El historiador de la Medicina y médico de Familia José Manuel López Gómez y el internista y colaborador de este periódico Juan Francisco Lorenzo coinciden en afirmar de forma tajante y más allá de cualquier otra circunstancia, que una persona no puede sobrevivir tanto tiempo sin comer y sin beber. Lorenzo aventura, además, que su caso ahora hubiera ido directo a una planta de Medicina Interna donde se le hubiesen diagnosticado varias patologías digestivas sin descartar un hipotiroidismo que aventura por algunos de las características que cuentan que presentaba. No descarta tampoco ninguno de los dos que las dolencias físicas de Amalia tuvieran su origen en el gran sofoco emocional que le supuso el no poderse dedicar a su vocación religiosa y sentir que su familia la quería casar a toda costa. «Un problema psicológico puede derivar en síntomas físicos de importancia», concuerdan ambos facultativos. En todos los relatos sobre la denominada «enferma de Montecillo» aparecía que, además del ayuno, los dolores o las expectoraciones, la joven tenía ataques de histeria.

¿Y qué se entendía por histeria a principios del siglo XX? Una enfermedad que solo sufrían las mujeres y que se creía debida al desplazamiento del útero por el resto del cuerpo y para cuyo diagnóstico se tenía en cuenta el estado civil de la paciente. Hasta los años 50 no fue desechada toda esta carga misógina frente a la evidencia científica y fue entonces cuando se dejó de considerar una enfermedad. Ahora a lo que parece que tenía Amalia se le hubiera llamado un trastorno por ansiedad, que afecta tanto a mujeres como a hombres. 

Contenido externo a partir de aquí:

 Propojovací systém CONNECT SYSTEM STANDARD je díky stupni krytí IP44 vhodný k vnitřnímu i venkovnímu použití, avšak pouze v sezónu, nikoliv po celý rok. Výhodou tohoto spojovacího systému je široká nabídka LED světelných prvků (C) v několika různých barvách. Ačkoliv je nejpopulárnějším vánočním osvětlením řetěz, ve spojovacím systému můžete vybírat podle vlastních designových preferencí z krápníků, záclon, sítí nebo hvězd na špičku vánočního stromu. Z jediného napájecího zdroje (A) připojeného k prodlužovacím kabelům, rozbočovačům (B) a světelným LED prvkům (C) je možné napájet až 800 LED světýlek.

La situación de la enferma no quedó en la intimidad de su casa, ni siquiera en la de su comarca. Hasta Montecillo acudieron no solo médicos -que llegaron a hacer guardias para confirmar que, en efecto, salvo la comunión que tomaba todos los días y un compuesto denominado fosforrenal, nada más ingería- sino curiosos de toda laya. En el libro de su confesor se incluye, incluso, una tabla con el número de los visitantes en el capítulo que denomina 'Popularidad de la enferma': en tres meses de uno de los años en los que más se hablaba de ella se pasaron por allí 26 sacerdotes, 188 paisanos y 23 médicos. Y ella, a pesar de tanto sufrimiento, no estaba parada y además de ese trajín tenía tiempo y ganas de cartearse con sus admiradores. Así lo cuenta su confesor: Entre 1923 y 1934 escribió muchísimo, tanto en cartas como en tarjetas y estampas con dedicatorias. (...) Entre la nutrida y selecta colonia española sita en México contaba la enferma de Montecillo con excelente y numerosa clientela.

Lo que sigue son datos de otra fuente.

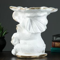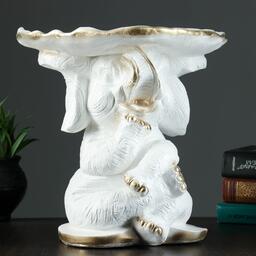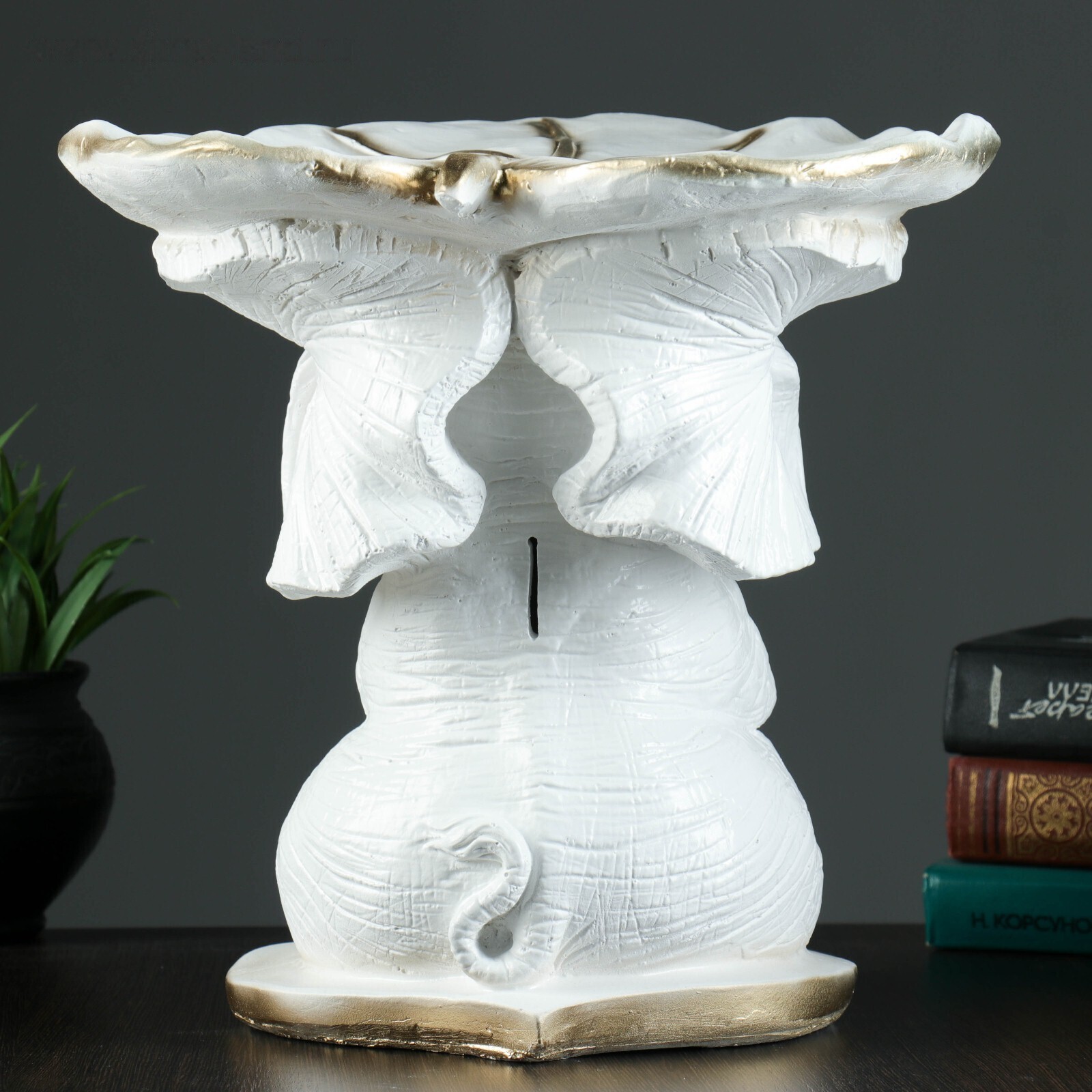 Копилка "Слон сидя с листком" белое золото, 28х29х29см

Su caso despertó, además, una gran polémica entre periodistas y médicos. El presidente del colegio profesional, Luis Valero Carreras, se dirigió a Diario de Burgos en noviembre de 1924 para hacer llegar una carta que también había enviado a El Liberal, diario madrileño que habría puesto en solfa el trabajo de los médicos de cabecera de Amalia. Contaba que ante las sospechas que el diario de la capital había insinuado, él mismo se personó en Montecillo con el inspector de Sanidad, el subdelegado de Medicina del distrito y el delegado gubernamental del partido judicial para acreditar la probidad de aquellos galenos y quiso que este periódico lo dejara escrito.

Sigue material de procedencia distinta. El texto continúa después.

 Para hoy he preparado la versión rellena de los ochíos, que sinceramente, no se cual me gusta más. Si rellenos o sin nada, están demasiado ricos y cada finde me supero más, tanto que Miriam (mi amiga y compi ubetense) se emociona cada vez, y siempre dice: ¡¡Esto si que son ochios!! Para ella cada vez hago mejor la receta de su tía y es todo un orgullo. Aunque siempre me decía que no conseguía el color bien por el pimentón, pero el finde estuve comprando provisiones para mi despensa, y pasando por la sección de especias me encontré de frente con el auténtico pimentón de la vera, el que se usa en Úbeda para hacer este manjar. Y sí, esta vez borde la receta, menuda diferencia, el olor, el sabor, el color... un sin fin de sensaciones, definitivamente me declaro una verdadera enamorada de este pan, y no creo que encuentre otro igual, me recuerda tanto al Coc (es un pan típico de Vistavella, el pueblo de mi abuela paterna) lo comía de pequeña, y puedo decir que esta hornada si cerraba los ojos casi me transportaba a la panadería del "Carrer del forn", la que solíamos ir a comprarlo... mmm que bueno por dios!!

A Amalia la llevaron ya entrados los años 30 a un hospital zaragozano donde fue sometida a múltiples pruebas; también la examinó el psiquiatra Antonio Vallejo-Nájera, que en aquellos años estaba en todos los ajos... pero nunca se aclaró qué le ocurría de verdad a la joven. Murió el 21 de septiembre de 1936. Fue enterrada con el hábito de Nuestra Señora de la Virgen del Carmen y el funeral lo concelebraron al menos nueve sacerdotes, entre los que se encontraban, como relata su biógrafo, tres capellanes castrenses que allí prestaban sus servicios en favor de las milicias salvadoras de España. Domiciano Sáez termina su libro sobre la enferma en ayunas con una Novena en honor de la sierva de Dios Amalia Baranda, pero no consta que la Iglesia Católica le entregara nunca semejante categoría.